What you are asked to do ▸ Working through the data below, reproduce word for word the line with "灯笼批发兔子灯花灯元宵节手提小灯笼儿童布置diy发光纸灯笼玩具" and every line after it, both ends included, and omit the pictures.

Given data ▸
※
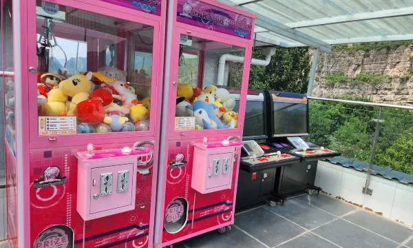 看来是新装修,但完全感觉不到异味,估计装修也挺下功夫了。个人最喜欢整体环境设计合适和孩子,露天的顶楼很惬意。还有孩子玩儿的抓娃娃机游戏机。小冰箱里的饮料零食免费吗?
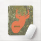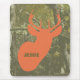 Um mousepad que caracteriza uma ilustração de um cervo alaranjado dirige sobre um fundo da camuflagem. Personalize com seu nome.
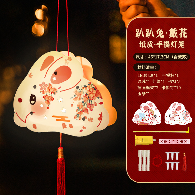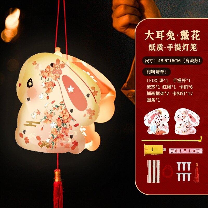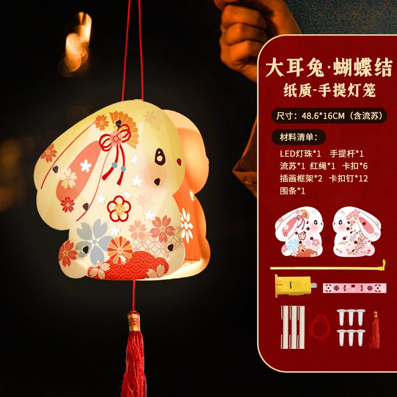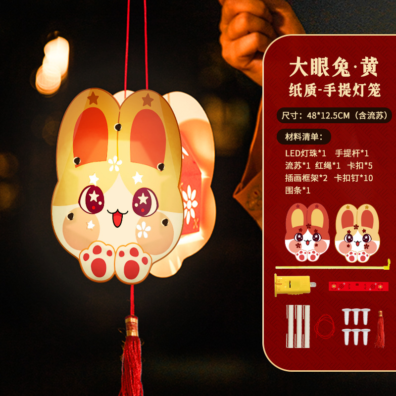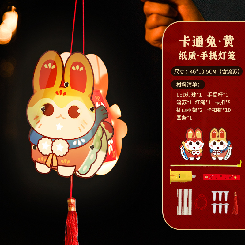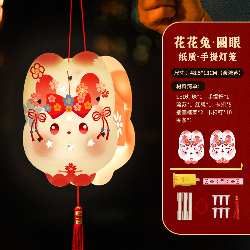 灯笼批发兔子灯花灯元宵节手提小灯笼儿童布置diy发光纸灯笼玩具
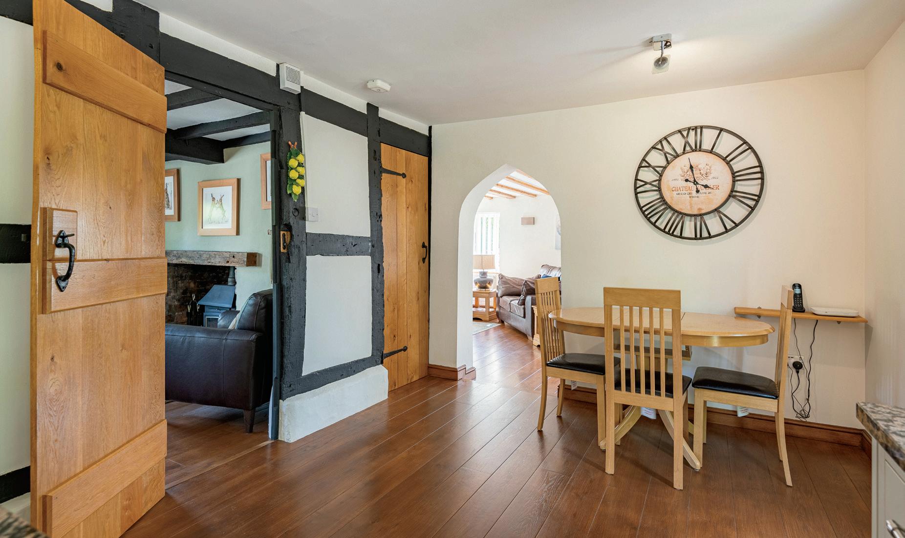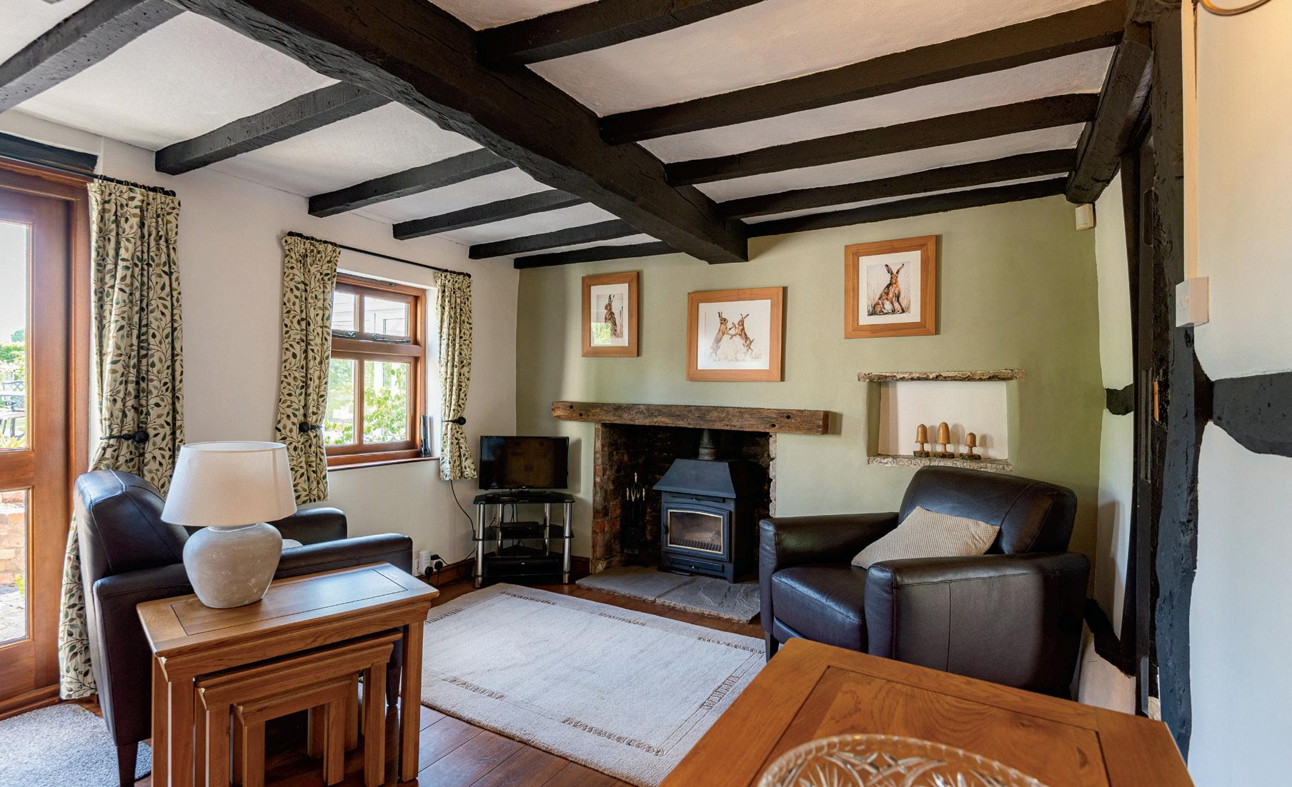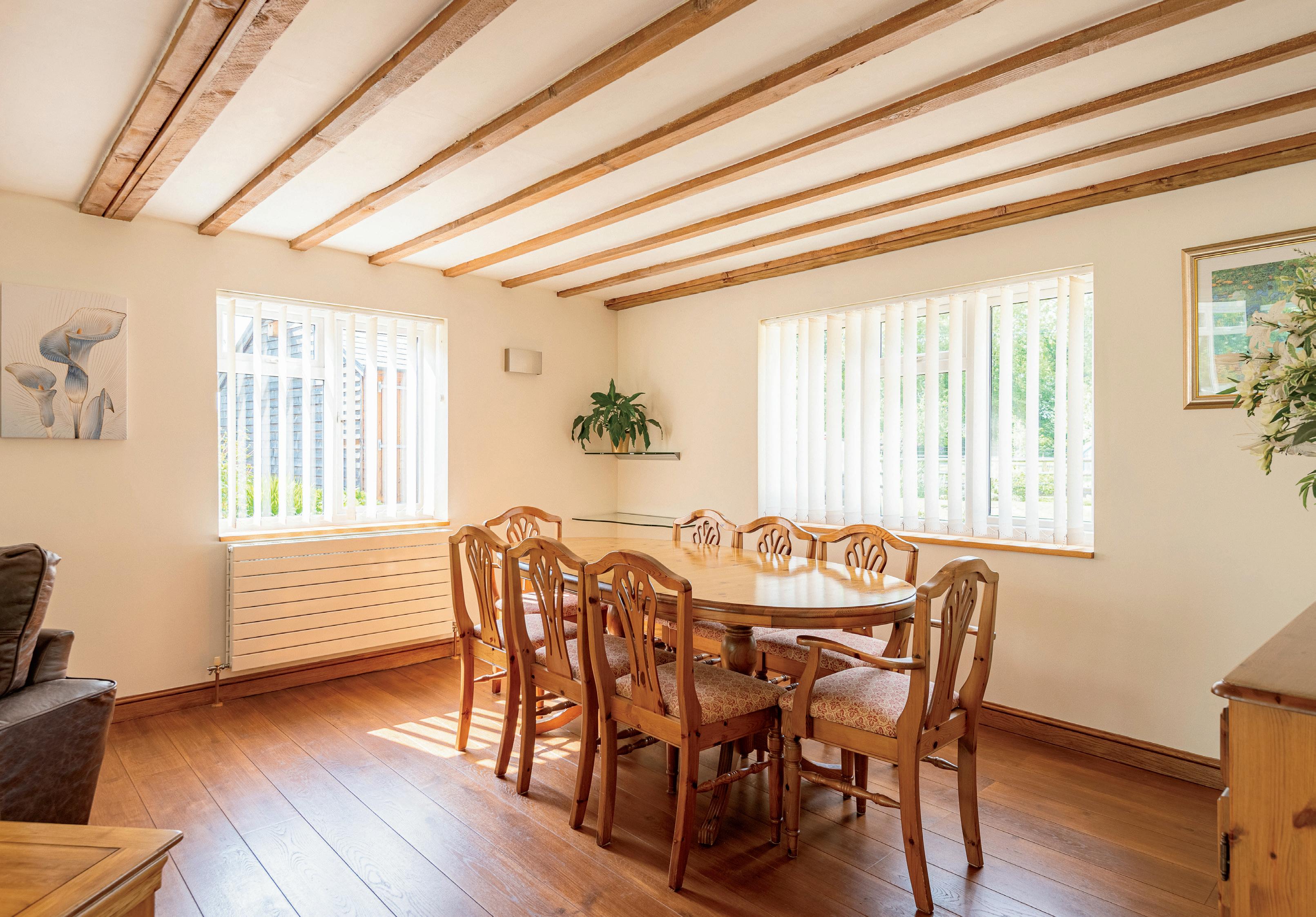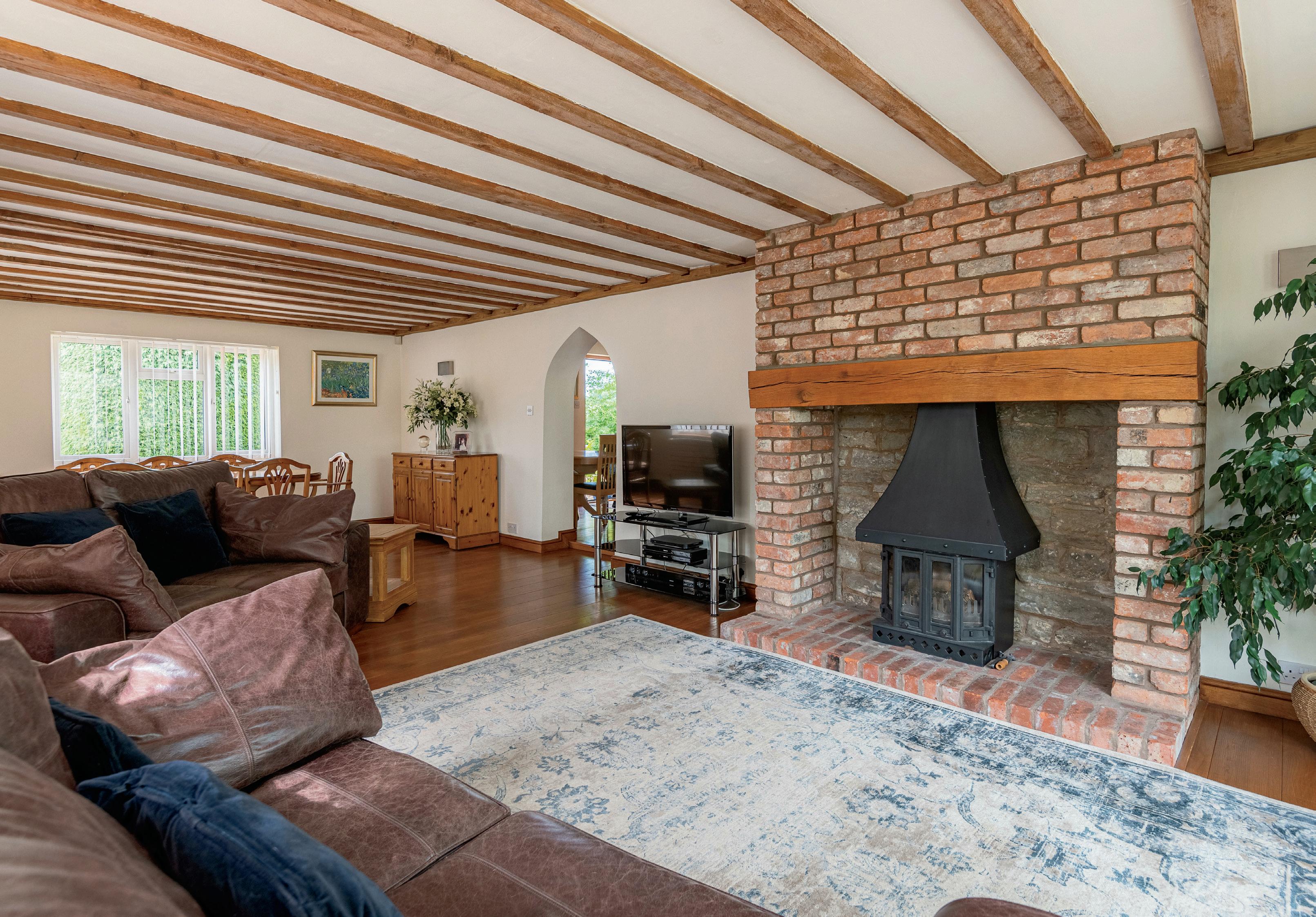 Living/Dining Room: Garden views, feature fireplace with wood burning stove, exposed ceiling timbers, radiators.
※
Answer below ▸
 灯笼批发兔子灯花灯元宵节手提小灯笼儿童布置diy发光纸灯笼玩具
 Living/Dining Room: Garden views, feature fireplace with wood burning stove, exposed ceiling timbers, radiators.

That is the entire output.